In set_pmd_migration_entry(), pmdp_invalidate() is used to change PMD
atomically.  But the PMD is read before that with an ordinary memory
reading.  If the THP (transparent huge page) is written between the
PMD reading and pmdp_invalidate(), the PMD dirty bit may be lost, and
cause data corruption.  The race window is quite small, but still
possible in theory, so need to be fixed.

The race is fixed via using the return value of pmdp_invalidate() to
get the original content of PMD, which is a read/modify/write atomic
operation.  So no THP writing can occur in between.

The race has been introduced when the THP migration support is added
in the commit 616b8371539a ("mm: thp: enable thp migration in generic
path").  But this fix depends on the commit d52605d7cb30 ("mm: do not
lose dirty and accessed bits in pmdp_invalidate()").  So it's easy to
be backported after v4.16.  But the race window is really small, so it
may be fine not to backport the fix at all.

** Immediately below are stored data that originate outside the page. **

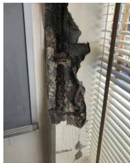
Fig. 1: Corrosion of reinforcing steel in interior concrete of a classroom due to the activation of admixed chlorides under localized increase in moisture content

ACI PRC-222.3-11 provides a number of approaches for extending the service life of structures potentially exposed to corrosive conditions. For interior structures not exposed to external corrosives or possible corrosion of the concrete that may expose steel, the primary approach is to limit the amount of chlorides cast in during construction. For structures exposed to corrosives, reducing the penetrability of concrete to corrosive substances and minimizing cracking potential of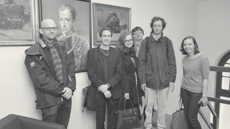
PROHLÍDKA MASARYKOVA SALÓNKU NA MASARYKOVĚ NÁDRAŽÍ V PRAZE JAKO SOUČÁST ROZLUČKY S LETNÍM SEMESTREM 2015.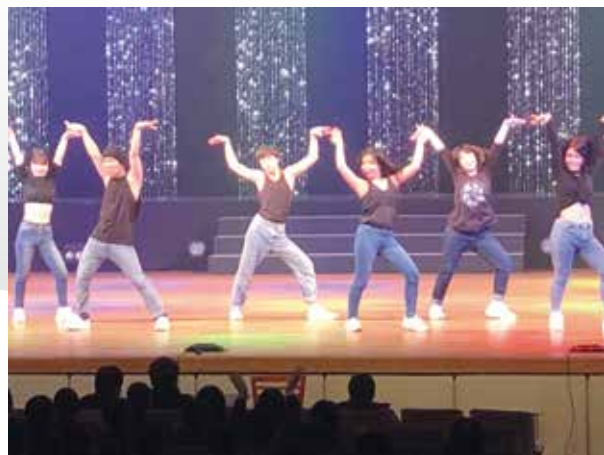
3年生エアロビクス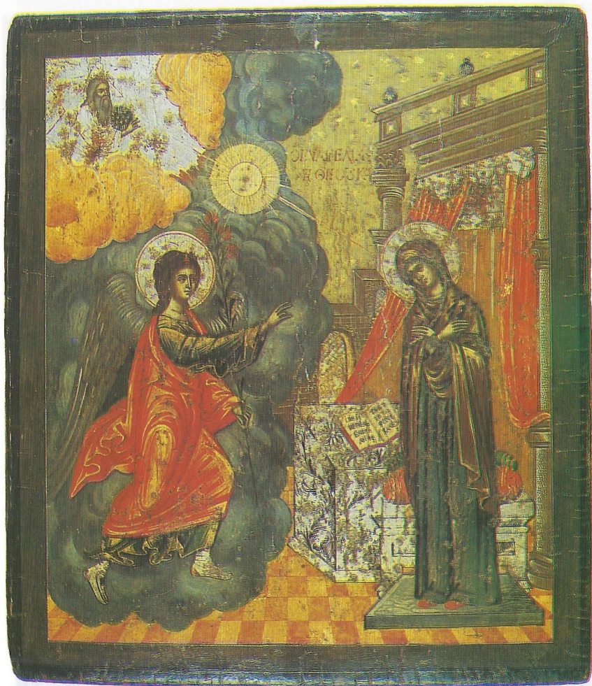
Фиг. 16 Икона на Благовещение Христово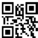
ハンズフリーモード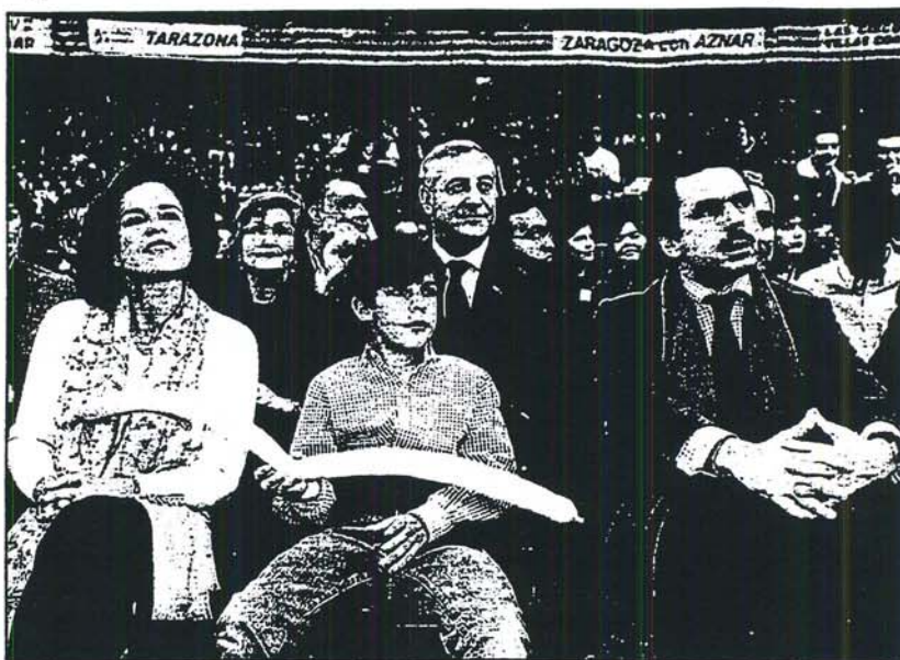
Aznar, acompañado de su esposa y su hijo Alonso, durante el mitin de ayer en Zaragoza.

Indicó que él habla de progreso de verdad, del que ha generado 1.800.000 puestos de trabajo, ha garantizado las pensiones por ley o ha originado un superávit en la Seguridad Social que ha permitido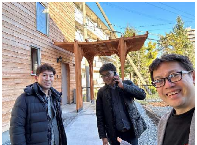
山脇克彦建築構造設計アトリエ（外観）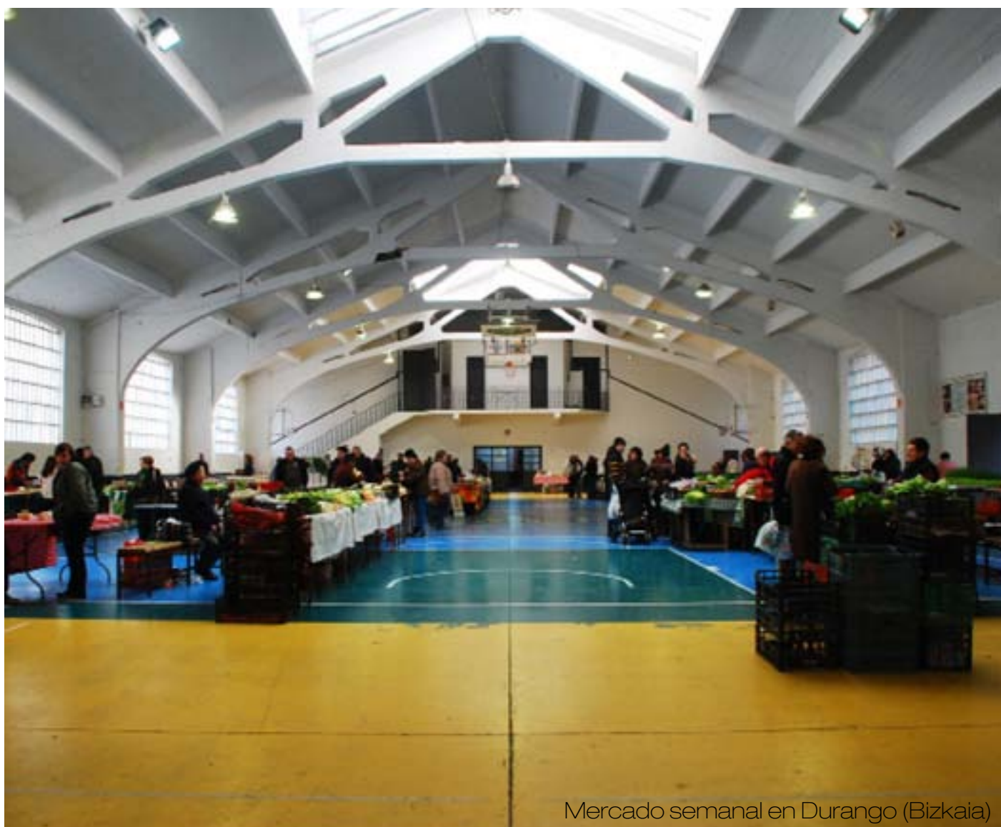
Mercado semanal en Durango (Bizkaia)

Por otro lado se propone que parte de la venta se realice de manera directa en una o varias tiendas permanentes asociadas (ubicadas en los espacios de cultivo de Iturrean etc) poniéndolo a disposición de consumidores particulares. Se propone, asimismo, el impulso y actualización de los mercados semanales en las localidades más representativas de las comarcas, adecuándolos en horarios etc para aumentar las ventas.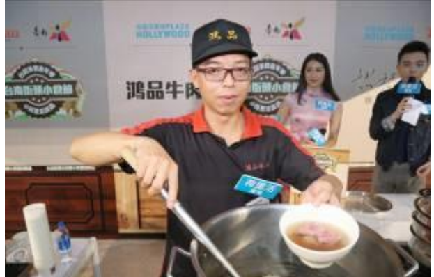
主持人逐一介紹臺南美食-鴻品牛肉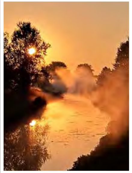
Sonnenaufgang über der Nieplitz

Da Sie, liebe Leser, uns im vergangenen Monat so viele schöne Impressionen aus unserer Stadt zugeschickt haben, möchten wir Ihnen auch alle Fotos präsentieren.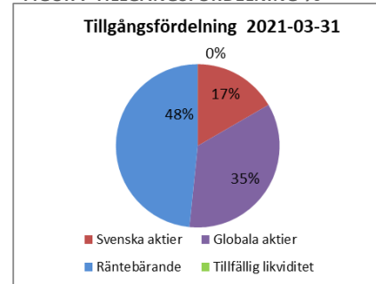
FIGUR 7 TILLGÅNGSFÖRDELNING %

Pensionsportföljens marknadsvärde den sista mars är 4 820 mnkr, vilket är 222 mnkr högre än vid årsskiftet. Regionen har ett orealiserat värde i portföljen på 493 mnkr. Portföljen består av 52 procent aktiefonder och 48 procent räntebärande placeringar. Avkastningen hittills i år är 4,8 procent. Portföljen motsvarar 63 procent av pensionsförpliktelserna.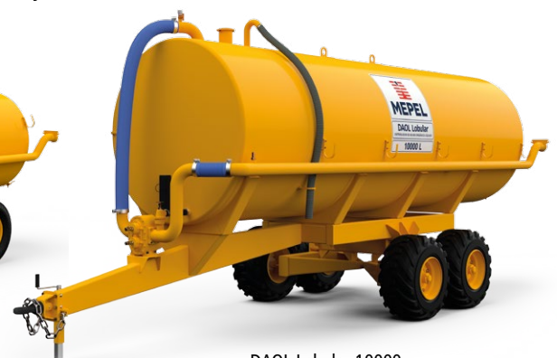
DAOL Lobular 10000 Tandem aro 15,5"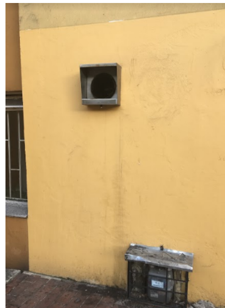
Fotografía N°. 4 Ducto de salida sistema de extracción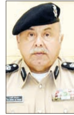
الفريق سليمان الفهد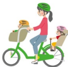
幼児二人同乗用自転車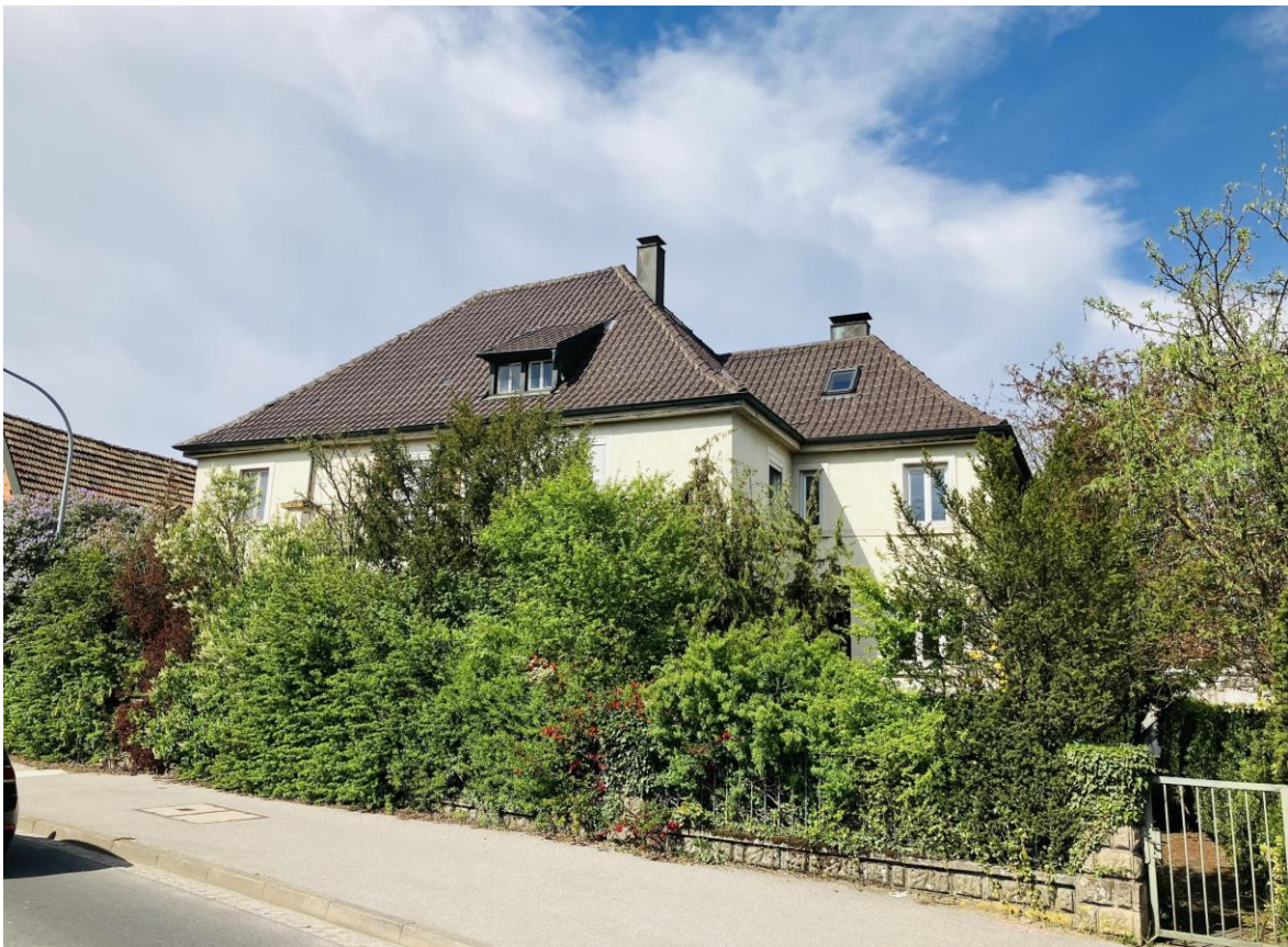
Abriss des Bestandsgebäudes an der Zeiler Straße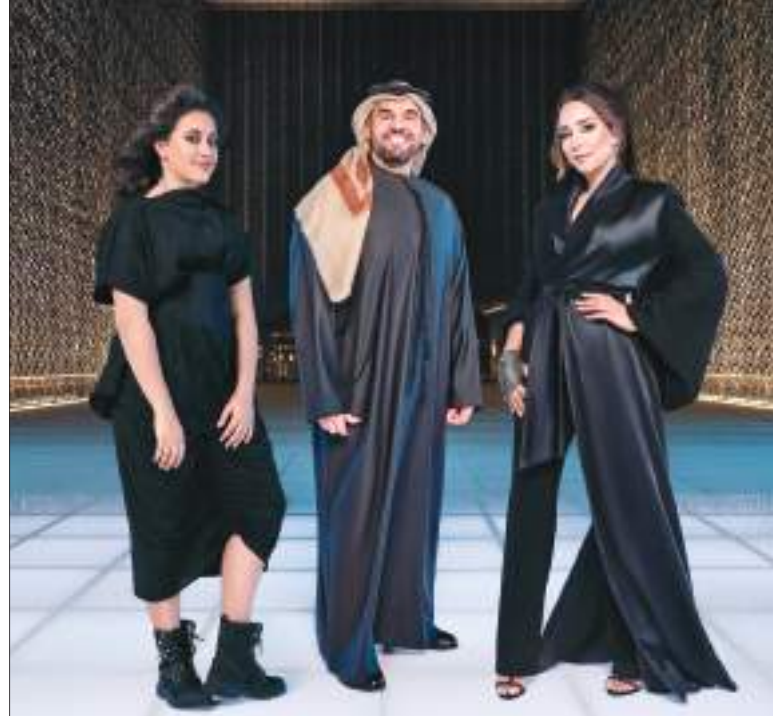
٢٠٢٠ دبي - التي تجمع بين الماضي والحاضر والمستقبل، وتلهم الجميع. في غضون أقل من ١٠ أيام، تنتقل إلى الترحيب بالعالم أجمع وصنع ذكريات

يقود الأغنية، النجم الإماراتي حسين الجسمي، سفير إكسبو ٢٠٢٠، ترافقه كل من المغنية وكاتبة الأغاني الإماراتية أماس، البالغ عمرها ٢١ عاماً، والتي أدرجتها منصة سبوتيفاي في قائمتها لأفضل المواهب النسائية في الشرق الأوسط، إلى جانب المغنية وكاتبة الأغاني اللبنانية الأمريكية المرشحة لنيل جائزة الغرامي، ميسا قرعة، وهي أيضاً المدير الفني لاوركسترا الفردوس النسائية في إكسبو وبيركلي أبوظبي. وقالت مرجان فريدوني، الرئيس التنفيذي لتجربة الزائر في إكسبو ٢٠٢٠ دبي: تعمل معارض إكسبو الدولية على جمع الناس معاً، ويشرفنا أن نرحب بمجموعة من المواهب الرائعة لتسندوا بالأغنية الرسمية لإكسبو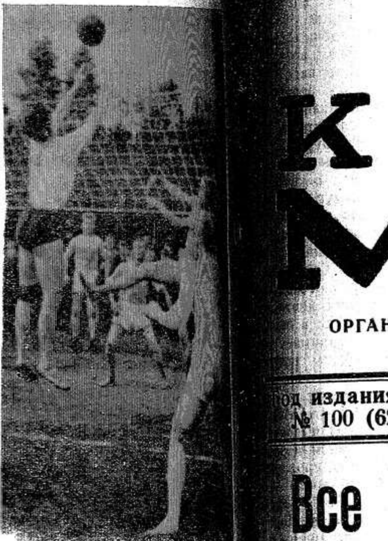
В Опочечком лесхозе спортивно-физкультурная площадка. Здесь устраиваются различные спортивные состязания. На снимке: один из моментов встречи волейболистов.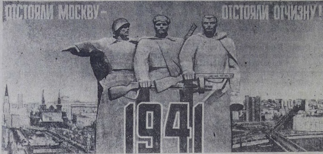
Плакат художника В. Арсенова. Издательство «Плакат».

Наступление немецко-фашистских войск захлебнулось у порога столицы. 5—6 декабря советские войска перешли в решительное контрнаступление, закончившееся изгнанием врага из пределов Московской и ряда других областей.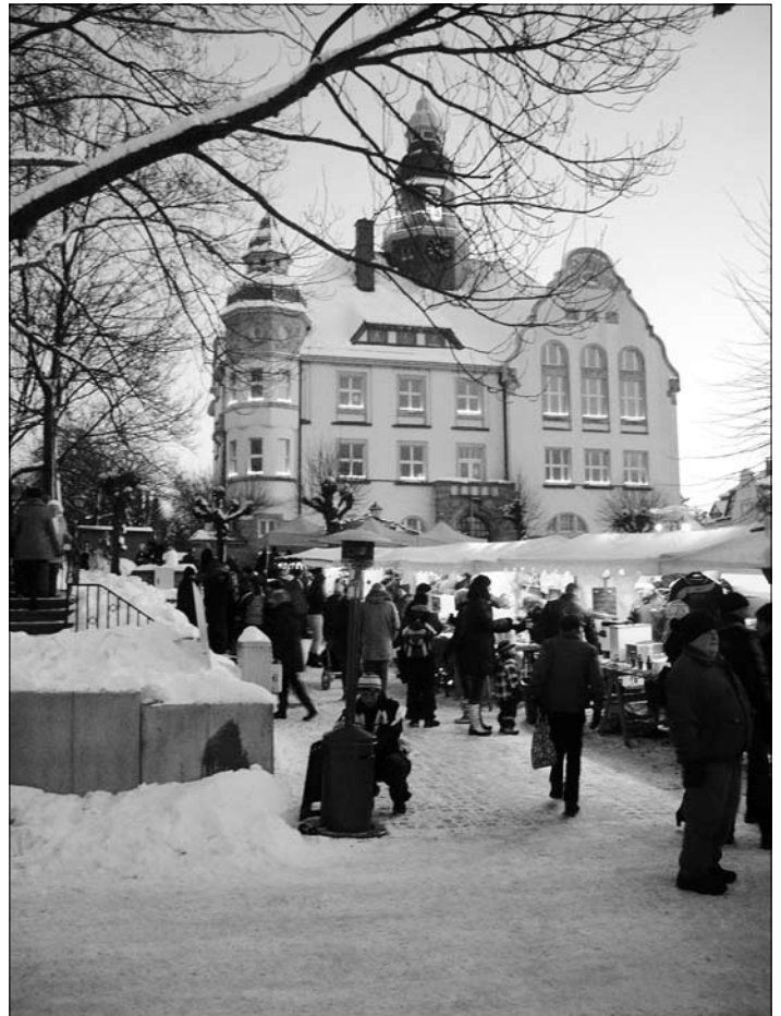
Weihnachtliches Flair vor dem Rathaus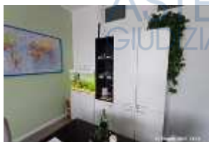
Inox Trade (114)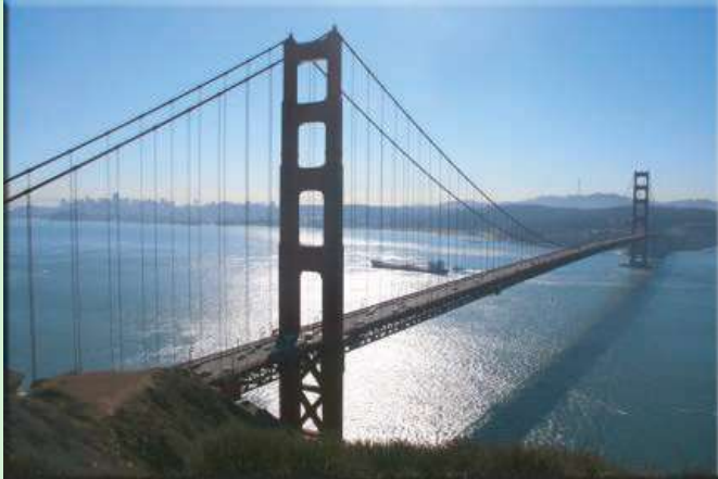
Golden Gate Brücke, im Hintergrund San Francisco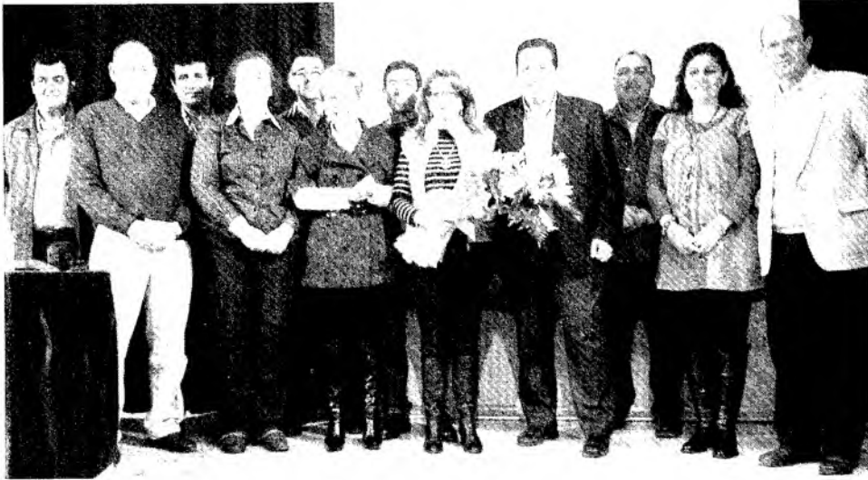
Dirigentes locales y provinciales del PP al término del Congreso.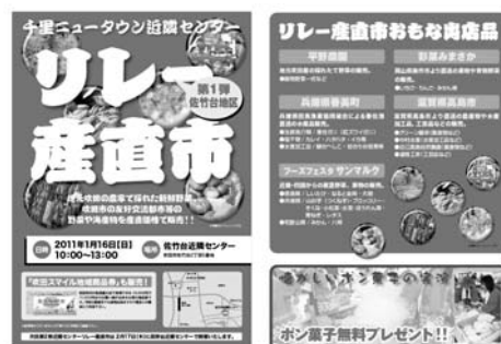
近隣センターで行われている「リレー産直市」

これからの集客力アップの方策として、「日常性の魅力商品」を活用するという方法が考えられます。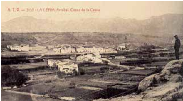
Les Cases del Riu.

Signed-off-by: "Huang, Ying" <ying.huang@intel.com>
Cc: Zi Yan <ziy@nvidia.com>
Cc: Kirill A. Shutemov <kirill.shutemov@linux.intel.com>
Cc: Andrea Arcangeli <aarcange@redhat.com>
Cc: Michal Hocko <mhocko@kernel.org>
Cc: Vlastimil Babka <vbabka@suse.cz>
---
 mm/huge_memory.c | 3 +--
 1 file changed, 1 insertion(+), 2 deletions(-)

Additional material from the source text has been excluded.